I'm building an application based around a task queue: it serves a series of tasks to multiple, asynchronously connected clients. The twist is that the tasks must be served in a random order.
My problem is that the algorithm I'm using now is computationally expensive, because it relies on many large queries and transfers from the database. I have a strong hunch that there's a cheaper way to achieve the same result, but I can't quite see the solution. Can you think of a clever fix for this problem?
Here's the (computationally expensive) algorithm I'm using now:
When the client queries for a new task...
- Query the database for "unfinished" tasks
- Put all tasks in a list
- Shuffle the list (using random.shuffle)
- Flag the first task as "in progress"
- Send the task parameters to the client for completion
When the client finishes the task...
6a. Record the result and flag the task as "finished."
If the client fails to finish the task by some deadline...
6b. Re-flag the task as "unfinished."
Seems like we could do better by replacing steps 1, 2, and 3, with pseudorandom sequences or hash functions. But I can't quite figure out the whole solution. Ideas?
Other considerations:
- In case it's important, I'm using python and mongodb for all of this. (Mongodb doesn't have some clever "use find_one to efficiently return a random matching entry" usage, does it?)
- The term "queue" is a little misleading.
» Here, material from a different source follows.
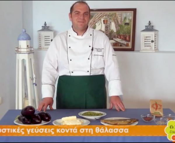 Στη σημερινή εκπομπή με τίτλο «Απολαυστικές γεύσεις κοντά στη θάλασσα» ο Σταμάτης μας προτείνει ένα καλοκαιρινό γεύμα ιδανικό να το συνοδεύσουμε με χιώτικο ούζο. Το γεύμα μας ξεκινά με μελιτζάνες με σάλτσα ντομάτας και συνεχίζεται με φάβα με ρέγγα καπνιστή με σοταρισμένο κρεμμύδι και κάπαρη, ως επιδόρπιο μας προτείνει μια κρέμα προφιτερόλ .

All the tasks are stored in subfields of a single collection within the mongodb. The length (total number of tasks) in the collection is known and fixed at the outset.
- If it's necessary, it might be okay to let the same task be assigned multiple times, as long as the occurrence is rare. But instances of this kind would need to be very rare, because completing each task is costly.
- I have identifying information on each client, so we know exactly who originates each task request.